Victoria Annabeth Davis, known as Tori, was killed at her home on Hill Street on Aug. 19, 2015. Police said Davis, 24, was held captive for hours and beaten by a group of people. She died of blunt-force trauma but was also raped with a baseball bat and hooked up to a battery charger before she died, according to testimony.

Plea bargain

A negotiated agreement between a criminal defendant and a prosecutor in which the defendant agrees to plead guilty or no contest to a crime, along with possible conditions, in return for a reduction of the severity of the charges, dismissal of some of the charges or some other benefit to the defendant.

Source: uslegal.com

Rebecca Lee Lloyd, 39, was initially charged with accomplice to capital murder, punishable by life in prison without the possibility of parole or the death penalty. The charge was amended as part of a plea deal Wednesday.

Prosecutors said police first believed Lloyd was involved in Davis' murder, but later evidence, defendant statements and testimony in previous trials indicated Lloyd was at the home with her children while Davis was beaten and killed but she didn't actively participate. Lloyd helped others dispose of evidence from the murder.

"They all indicated that she was not involved, so really we didn't have anything," said Matt Durrett, prosecutor. "Her participation was pretty much nonexistent."

Lloyd was sentenced to six years probation and assessed court costs and fees Wednesday. She was given credit for 1,217 days jail time served since her arrest. The charge can be scrubbed from her criminal record at the end of her probation, under a first-offender expungement law, Act 346.

Defense attorneys said Lloyd plans to move to Missouri and live with family.

"I think it's a fair resolution. There's never been any doubt from the beginning of this case that, if there was culpability at all, that Rebecca was the least culpable," Tony Pirani, a defense attorney, said after the sentencing. "She has some pretty significant mental issues as well and a pretty compelling and unfortunate back story of abuse and tragedy and just a very rough life."

Pirani said Lloyd was obviously with the wrong people and was in the wrong place at the wrong time.

Mark Edward Chumley was convicted as the ringleader in the killing. He coerced and threatened the others to participate, based on evidence and testimony from co-defendants. Chumley, 49, was found guilty of accomplice to capital murder by a jury in late October and sentenced to life without the possibility of parole. The death penalty was in play in Chumley's case.

Durrett placed the blame for Davis' murder squarely on Chumley at his trial. "These are not sophisticated people. These are not bright people. These people are easily manipulated. Mark Chumley was the one running the show. This defendant, he was controlling everything.

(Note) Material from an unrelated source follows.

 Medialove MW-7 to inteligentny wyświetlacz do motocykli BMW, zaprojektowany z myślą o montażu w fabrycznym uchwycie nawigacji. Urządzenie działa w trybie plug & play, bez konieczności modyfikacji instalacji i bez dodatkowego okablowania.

He was responsible," Durrett said.

"She really kind of fell under the spell of this Mark Chumley character," Pirani said of Lloyd. "He was controlling her, and she felt trapped, and we've always argued and asserted to the prosecutor that, in a lot of ways, Rebecca is herself a victim. We don't believe there's any evidence whatsoever she participated in the actual homicide or, in fact, that she was fully aware of what exactly was going on out there."

John Christopher Davis, 30, who was Tori Davis' husband, pleaded guilty earlier this year to being an accomplice to first-degree murder and was sentenced to 37 years in prison in exchange for his testimony against Chumley.

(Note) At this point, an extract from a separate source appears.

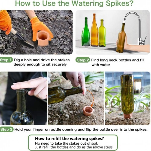 REMIAWY Plant Watering Spikes, Plant Vacation Waterer Wine Bottle Watering Stakes Terracotta Devices Slow Release Self Spikes for Indoor Outdoor
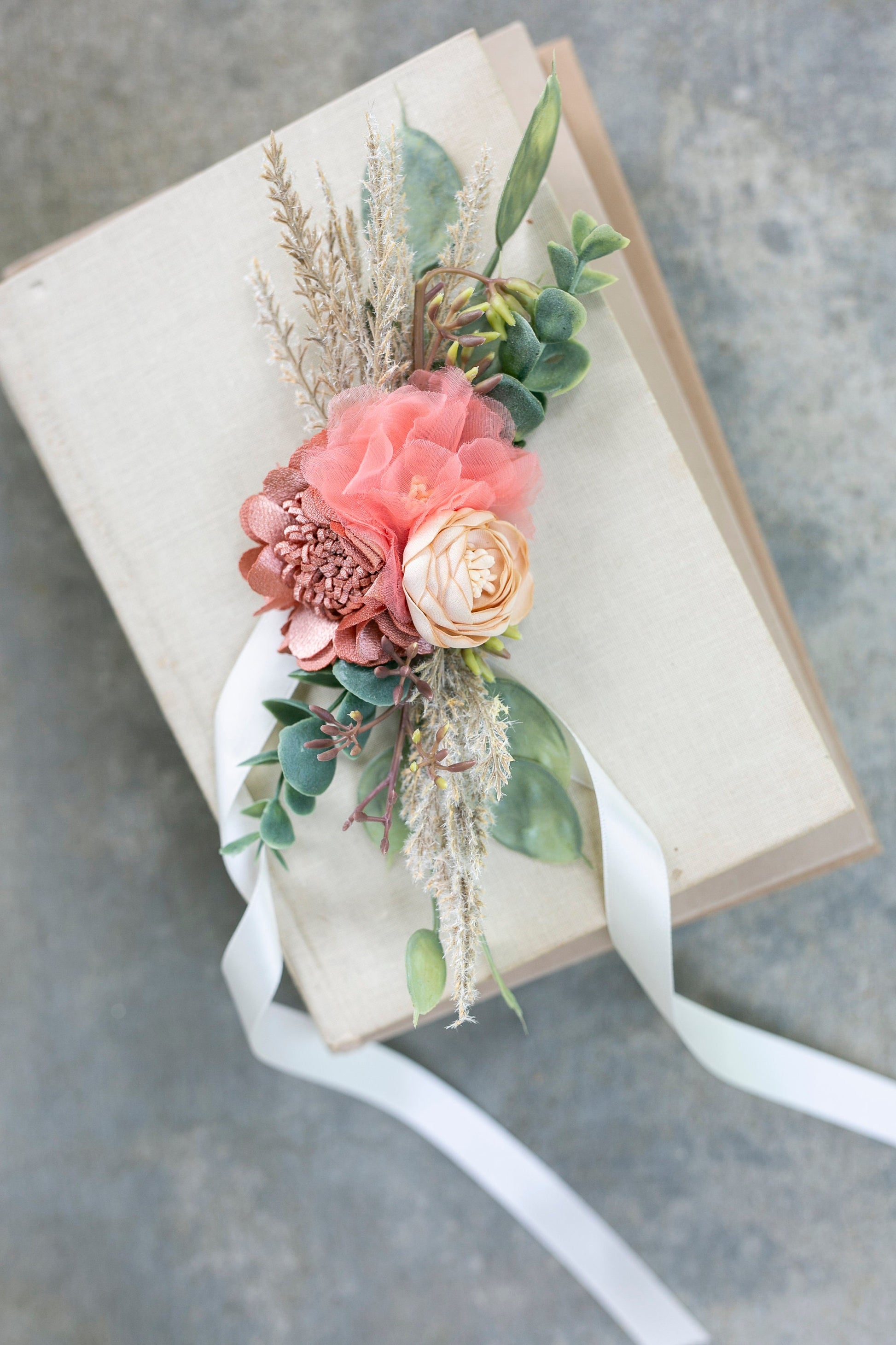 Floral Wedding Corsage: Eucalyptus, Pampas Grass & Fabric Wildflowers

Desire Amber Treat, 32, pleaded guilty in early December to accomplice to first-degree murder and was sentenced to 33 years at the Arkansas Department of Correction. She was given credit for 1,198 days of jail time served.

Christopher Lee Treat, 32, pleaded guilty in early December to accomplice to first-degree murder and was sentenced to 33 years at the Arkansas Department of Correction. He was given credit for 1,205 days of jail time served. Chris Treat is Desire Treat's husband.

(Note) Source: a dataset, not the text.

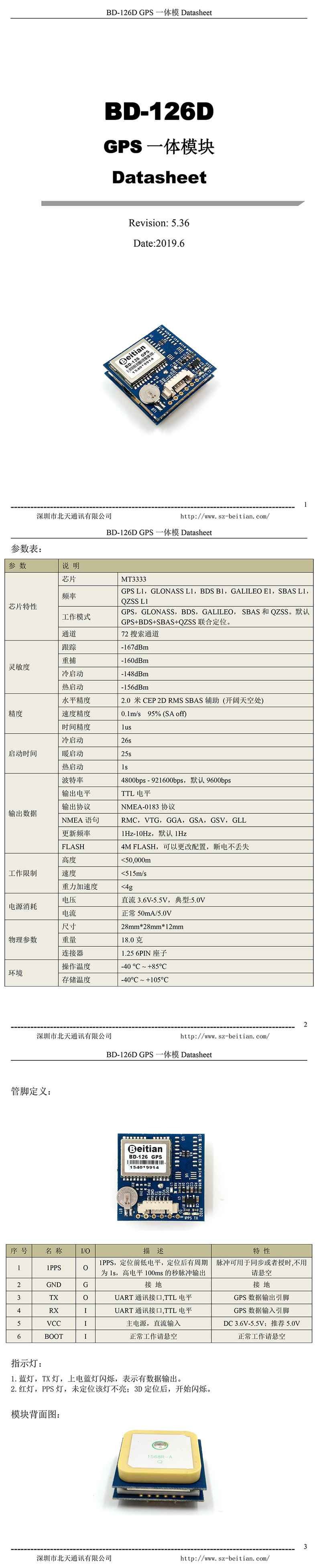 北天GPS模块北斗MT3333芯片高增益有源内置天线一体模块 BD-126D

It will be about 23 years before the Treats are eligible for parole.

The case took more than three years to resolve, and Durrett said it feels good to have the case behind him.

"Homicide cases always take longer because they're more complex and you're dealing with a lot of different factors outside your control, like the crime lab and mental evaluations. That's what a lot of this was," Durrett said. "This one took a while because the evidence on it was that Mark Chumley was the ringleader and that's the one that we were going to try first, so a lot of these kept getting pushed off because they were going to cooperate against him."